A logistic regression with StandardScaler preprocessing and a 80/20 split:

from sklearn.model_selection import train_test_split
from sklearn.preprocessing import StandardScaler
from sklearn.linear_model import LogisticRegression
from sklearn.metrics import classification_report, confusion_matrix
 
X = df.drop('diagnosis', axis=1)
y = df['diagnosis']
 
X_train, X_test, y_train, y_test = train_test_split(
    X, y, test_size=0.2, random_state=42, stratify=y
)
 
scaler = StandardScaler()
X_train_scaled = scaler.fit_transform(X_train)
X_test_scaled = scaler.transform(X_test)
 
model = LogisticRegression(max_iter=10000, random_state=42)
model.fit(X_train_scaled, y_train)
y_pred = model.predict(X_test_scaled)
 
print(classification_report(y_test, y_pred, target_names=['Malignant', 'Benign']))

Results on the test set:

95.6% accuracy with logistic regression, no feature engineering, no hyperparameter tuning.
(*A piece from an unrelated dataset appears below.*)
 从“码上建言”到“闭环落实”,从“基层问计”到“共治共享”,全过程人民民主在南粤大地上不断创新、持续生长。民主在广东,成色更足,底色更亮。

This dataset is famously "easy" for classifiers, which is also why it's used for teaching.

More important than accuracy is the recall on the malignant class. A false negative here — predicting Benign when the tumour is actually Malignant — is far more costly than a false positive. At 0.93 recall on malignant, the model misses about 7% of malignant cases, which in a real screening context would be unacceptable. You'd optimise the decision threshold to push malignant recall higher, accepting more false positives.

Surprising Findings

The redundancy between radius_mean, perimeter_mean, and area_mean was expected once I thought about the geometry. What I didn't expect was how much it showed up visually — the pair plot panels for those three features are so similar they look like the same plot.
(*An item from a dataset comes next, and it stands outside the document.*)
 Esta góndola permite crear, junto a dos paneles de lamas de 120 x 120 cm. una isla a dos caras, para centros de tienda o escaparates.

What genuinely surprised me was how little fractal_dimension_mean contributed. It has almost no separation between classes in the violin plot and very low correlation with diagnosis. It's a sophisticated-sounding measurement but turns out to be the least useful feature for this particular classification task.
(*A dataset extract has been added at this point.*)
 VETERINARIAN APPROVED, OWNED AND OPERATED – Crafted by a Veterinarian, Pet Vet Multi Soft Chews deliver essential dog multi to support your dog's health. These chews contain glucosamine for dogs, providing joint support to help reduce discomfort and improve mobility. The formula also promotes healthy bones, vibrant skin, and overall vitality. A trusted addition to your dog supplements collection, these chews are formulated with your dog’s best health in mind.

The lesson from this dataset is that domain knowledge matters in EDA. The geometric relationship between radius, perimeter, and area is obvious once stated, but I only noticed the multicollinearity problem because I built the correlation heatmap. Visualisation found what intuition missed.

What Comes Next

The logical next steps from an EDA like this would be:

1. Feature selection — drop the redundant size features or apply PCA
2. Compare classifiers: random forest, SVM, gradient boosting
3. ROC curve analysis to understand the precision/recall tradeoff
4. Cross-validation instead of a single train/test split
5. Calibration — logistic regression probabilities are relatively well-calibrated, but it's worth checking

For a production screening tool you'd also want to think carefully about the cost matrix — the penalty for a false negative in cancer diagnosis is much higher than a false positive, and that should directly influence the model selection and threshold choice.

This project reminded me that EDA isn't just a preliminary step before the "real" modelling work. Understanding your data well — its structure, its redundancies, its class balance — directly determines which models are appropriate and how you should evaluate them.